According to the Global Impact Investor Network (GIIN), the global impact investing market exceeds $1 trillion. The growth in impact investing has been attributed to increasing recognition among investors for corporations and financial institutions to help address major global challenges.
AMP’s approach goes beyond SDG 7
The UN’s SDG 7 aims to ensure access to affordable, reliable, sustainable and modern energy for all. The aim of AMP to build mini-grids across 21 countries in the sub-Saharan region can go a long way to help achieve this goal. The accompanying socio-economic development also will also contribute to achieving several other SDGs.
The programme requires the involvement of the local communities to be successful, highlighting the potential to improve education and jobs while stimulating local businesses. These are covered by SGDs 4 (quality education), 8 (decent work and economic growth), 9 (industry, innovation and infrastructure), 11 (sustainable cities and communities) and 13 (climate action).

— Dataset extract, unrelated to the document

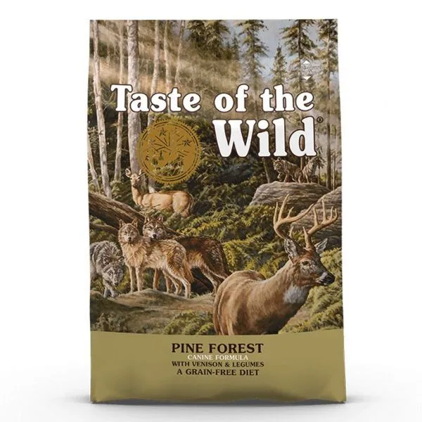 TASTE OF THE WILD Pine Forest je kompletné krmivo vo forme granúl, určené pre všetky vekové kategórie a veľkosti psov.  Krmivá tejto značky sú ocenené najvyšším možným hodnotením kvality organizácie Dog Food Analysis.

This should provide private sector investors focused on impact investment with plenty of incentive to invest in the AMP.
Achim Steiner, UNDP administrator, said: “We know that innovative policies, technologies, and business models to scale up existing solutions are needed to achieve SDG 7 on universal access to affordable and reliable energy – business-as-usual won’t do.”
“The AMP is UNDP’s most ambitious electricity access program to date. Its market transformation approach aims to deliver impact at the pace and scale needed to effectively help countries achieve the Sustainable Development Goals, leaving no-one behind.”